So, for argument’s sake, let’s say I worked on the outline and first draft of The Undine’s Tear from the end of November 2017 to the end of November 2018, around twelve months.

I started outlining the next two books in March of this year, while simultaneously publishing and launching The Undine’s Tear. During the three months between March (when I published The Waterboy) and May (when I published The Undine’s Tear), I mostly brainstormed into a recorder app on my phone (unwittingly becoming a dictator) as I travelled to book signings. But for the most part, I had not had a single session with my butt in a chair where I was working on this until I started transcribing those voice notes in early July.

So, let’s say the bullet outlining started on July 6. My first day of zero-draft outlining The Sphinx’s Heart was July 25. From July 6, 2019 to December 2, 2019, or over the course of almost five months, I worked on that zero draft and brought it to 47,000 words.

While some people would consider that a fantastic rate, prolific authors can do that in about two weeks or less, and that would be pretty pathetic.

I’m still proud of it, though. It’s a huge step toward the productivity I crave.

How’s that, you say?

That zero draft is where all the hard work was. That's where I had to make all the different pieces of my plot fit together, and that's where I did most of my research. I may have some to do as I go through my first draft, but it will not be nearly as intensive as what I've already put into it.

But wait, there’s more…

I started my official capital-F First Draft on December 3. In other words, seven days ago. Last night, I hit 18,000 words.

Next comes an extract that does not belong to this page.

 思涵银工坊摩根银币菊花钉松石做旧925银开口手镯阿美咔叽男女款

I expect my daily word count on this first draft to be epic. However, despite hitting over 5,000 words in less than four hours last night, I’m not quite there yet, and here’s why:

On December 2, I decided I needed to draft the entire first draft of The Sphinx’s Heart in a month.

You heard me. 164,000 words or more in a single very busy month, with a week-long holiday to see my sister and other writing assignments in the mix. (Fortunately, no piano lessons this month. Whooee! And I purposely didn’t take editing clients so I could do this.)

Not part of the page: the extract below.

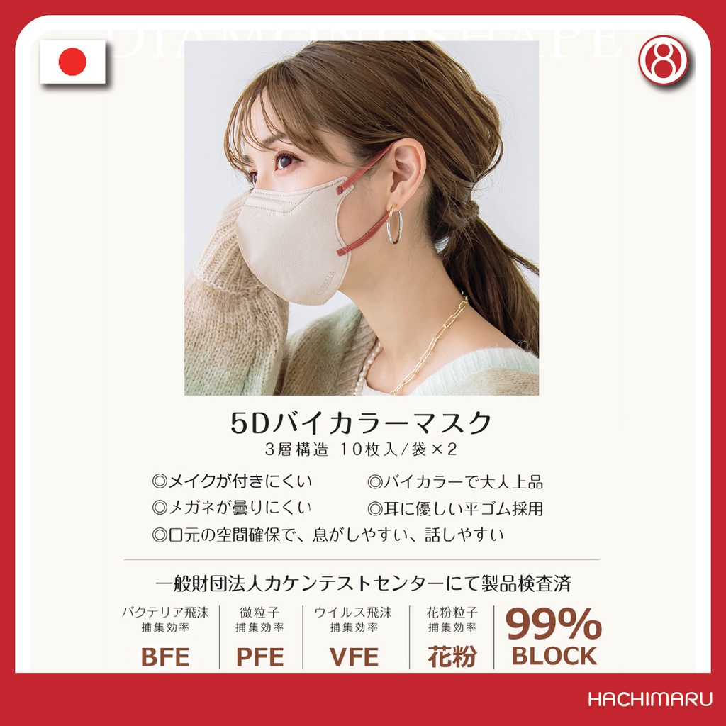 หน้ากากอนามัย Cicibella 5D Bi-Color Mask 10 ชิ้น นำเข้าจากญี่ปุ่น

That’s a daily word count of around 5,500 if I only skip one day (and I’m already over that limit!). I used to be happy hitting that in a week. That's a lot of freaking words.

I have hit 5,500 words per day during the mad rush to finish books before, but it definitely has not been my most consistent number.

Am I crazy?

Discover & share this Considering GIF with everyone you know. GIPHY is how you search, share, discover, and create GIFs.

Well, that’s another blog post…

BUT!

If I succeed, that means I’ll have completed the entire outline and first draft of this book in only six months!

Yeah, I’d say that’s faster.

Key words: “If I Succeed”

There were a few recent events that made me think I probably could succeed at this and decide to give it a shot.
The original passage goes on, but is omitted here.